My own experience with T3 is, I was doing very badly on t4 still loads of hypo symptoms on 250 mcg. My GP at the time just stopped my levo one day and put me on to 60mcg liothyronine the next. Almost instantly I felt the effects, the sludge I had been dragging myself through for ten years was gone I lost 4 stone in a year and have not looked back since..... I still take the 60mcg, first thing with my coffee. Sometimes I eat but mostly I don’t, I’m one of those people that couldn’t be fussed with cutting up pills and taking them at different times of the day. My T3 bloods are always under range, but I generally feel well.... I’m 58 and can still work and walk the dogs I look after my grandchildren and spin to keep my muscle mass. I would not be doing any of this were I still on levo!!! I have other health issues so it’s always a bit of a juggling act but yes T3 saved my life basically, or at least gave me my life back....

puffyface3 years ago

T3 made me feel normal again! My history is that I was feeling rubbish for a while and was put on T4. Then I started to feel really rubbish. I ballooned and my body hurt. A brilliant endocrinologist did some blood tests, guessed what else was wrong and sent me to a rheumy... and put me on T3. The first day I tried it I remember feeling something like electricity in my legs. I started on 40, and now take 60mcg a day. 40 when I waken and 20 early evening. I don’t feel the energy surge any more, but I feel good. Good luck with it! X

Judithdalston3 years ago

I had hoped T3 would cure my aches, pains, exhaustion...as well as hypothyroidism for 15 plus years, I also had diagnosed fibromyalgia and am insulin dependent diabetic (due to sepsis following a routine gallstone procedure). However though I introduced it slowly along with levothyroxine, then went onto T3 only up-to 75 mcg, it didn’t create any improvements after initial dosing, but sent my blood sugar up alarmingly. I am still on 1/2 Tiromel pill daily, with levo, but even that upsets my GPs with very low TSH! Hope you get a ‘cure’ with T3.

jersey-jazz3 years ago

I was diagnosed in the States with Hashimoto's Disease over forty years ago and started on llvothyroxine. My energy level resurged and I was good for a while. I went from 108 lbs to less than 100 lbs (5' 2"). Then, after moving to Scotland, I was sagging, becoming sluggish, losing hair and gaining weight. I went up to over ten stone, more than my pregnancy weights.. The NHS finally investigated, acknowledged the condition of Hashimoto's Disease and changed the prescription from levothyroxine to liothyronine. For approximately fifteen years, the NHS in Scotland kept me on liothyronine, solely . Once again, I thrived. Then, my Scottish husband died and I returned to the States. Since then, I have been on a combination of liothyronine and livothyrozine. I know that it is the liothyrone that is effective in my body, not the livothyroxine. However, I feel that I must take what is prescribed, as long as they don't take away the liothyronine from me. That is what keeps me going. We are at the mercy of the doctors who know less than we do about our condition. Incidentally, my thyroid gland has been destroyed by the antibodies. I hope this helps.

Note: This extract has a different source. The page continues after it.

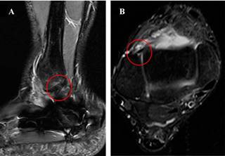 Se evaluó mediante el uso de un goniómetro y un dinamómetro la movilidad y la fuerza del miembro afectado y se la comparó con el lado sano a los 24 meses postoperatorios. El paciente recuperó su rango de movilidad y fuerza. Presentó dolor de 0/10 según la escala visual análoga (EVA). El puntaje según la American Orthopedics Foot and Ankle Society (AOFAS) fue de 92. La resonancia magnética nuclear (RMN) control mostró integridad y continuidad del espesor de ambos ligamentos (Figura 5).

Hidden in reply to jersey-jazz3 years ago

jersey-jazz

I am incredibly appreciative of your sharing your experience, and I hope to stay on liothyronine with or without levothyroxine. I had a terrible experience and misdiagnosis, which messed up my thyroid. I am glad to hear your doctors at least keep you on liothyronine, and my experiences have been positive with liothyronine too.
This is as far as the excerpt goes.